Make sure that your source code has the following VERSION.txt file:
15-445/645 Project Source Code ------------------------------------------------------------ Created: Nov 26 2018 @ 05:40:47 Last Commit: f906fe48c7495cb1a4a50eaf8e4f2fc47842422e
Testing
You can test the individual components of this assignment using our testing framework. We use GTest for unit test cases. You can compile and run each test individually from the command-line:
cd build make log_manager_test ./test/log_manager_test
In the log_manager_test, we will first start the system, create a table, populate several tuples and then shut down the system. When the system restarts and has completed the recovery phases, it should be back to the consistent state before crash.
Important: These tests are only a subset of the all the tests that we will use to evaluate and grade your project. You should write additional test cases on your own to check the complete functionality of your implementation. Given the simplicity of our checkpointing scheme, we will not release any local tests for it.
Development Hints
To ensure your implementation does not have memory leak, you can run the test with Valgrind.
cd build make lock_manager_test valgrind --trace-children=yes \ --leak-check=full \ --track-origins=yes \ --soname-synonyms=somalloc=jemalloc \ --error-exitcode=1 \ --suppressions=../third_party/valgrind/valgrind.supp \ ./test/log_manager_test
Instead of using printf
statements for debugging, use the LOG_*
macros for logging information like this:
LOG_INFO("# RID: %s", rid->ToString().c_str()); LOG_DEBUG("Evict page %d", page_id);
To enable logging in your project, you will need to reconfigure it like this:
cd build cmake -DCMAKE_BUILD_TYPE=DEBUG .. make
The different logging levels are defined in src/include/common/logger.h. After enabling logging, the logging level defaults to LOG_LEVEL_INFO
. Any logging method with a level that is equal to or higher than LOG_LEVEL_INFO
(e.g., LOG_INFO
, LOG_WARN
, LOG_ERROR
) will emit logging information.
Using assert to force check the correctness of your implementation. For example, when you try to delete a page, the page_count
must be equal to 0. And when you try to unpin a page, the page_count
must be larger than 0.
Using a relatively small value of page size at the beginning test stage, it would be easier for you to check whether you have done the logging & recovery in the correct way. You can change the page size in configuration file (src/include/common/config.h).
Grading Rubric
Each project submission will be graded based on the following criteria:
- Does the submission successfully execute all of the test cases and produce the correct answer?

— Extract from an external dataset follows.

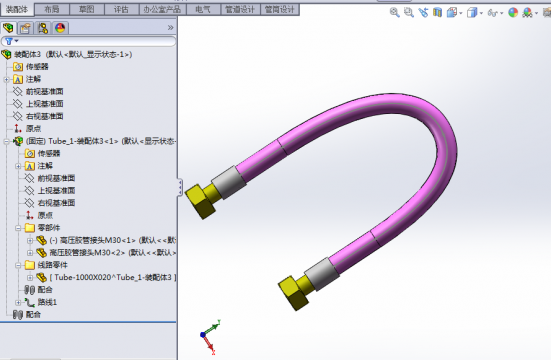 需要先建接头,添加连接点和线路点,建胶管模型。注意连接点参数和胶管模型的通径要匹配。可以用solidworks自带的库零件编辑器进行接头和胶管的设计。这些都准备好了以后就可以用routing模块进行胶管设计了。直接插入零件自动链接胶管,再插入另一个接头,最后使用自动步路连接两点就可以了。

- Does the submission execute without any memory leaks?
Note that we will use additional test cases that are more complex and go beyond the sample test cases that we provide you.
Late Policy
See the late policy in the syllabus.
Submission
After completing the assignment, you can submit your implementation to Gradescope:
You only need to include the following files:
- Every file for Project 1 (6 in total) (this includes buffer_pool_manager.h/cpp)
- Every file for Project 2 (10 in total)
- Every file for Project 3 (2 in total)
- src/logging/log_manager.cpp
- src/include/logging/log_manager.h
- src/logging/log_recovery.cpp
- src/include/logging/log_recovery.h
- src/logging/checkpoint_manager.cpp
- src/include/logging/checkpoint_manager.h
- src/concurrency/transaction_manager.cpp
- src/include/concurrency/transaction_manager.h
You can submit your answers as many times as you like and get immediate feedback. Your score will be sent via email to your Andrew account within a few minutes after your submission.
Collaboration Policy
- Every student has to work individually on this assignment.

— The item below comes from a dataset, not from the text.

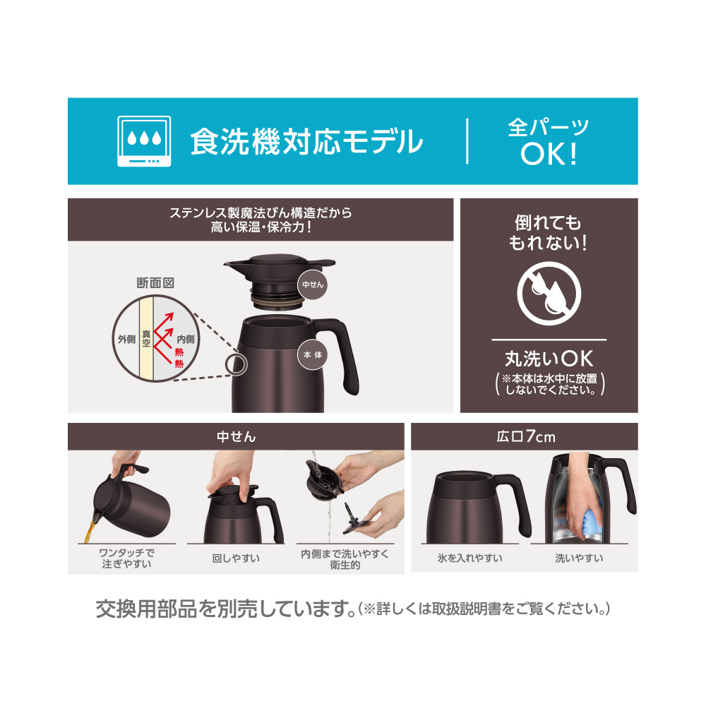 ステンレスポット 食洗器対応モデル ブラウン TTG-1000-BW [1.0L]

- Students are allowed to discuss high-level details about the project with others.
- Students are not allowed to copy the contents of a white-board after a group meeting with other students.
- Students are not allowed to copy the solutions from another colleague.
WARNING: All of the code for this project must be your own. You may not copy source code from other students or other sources that you find on the web. Plagiarism will not be tolerated. See CMU's Policy on Academic Integrity for additional information.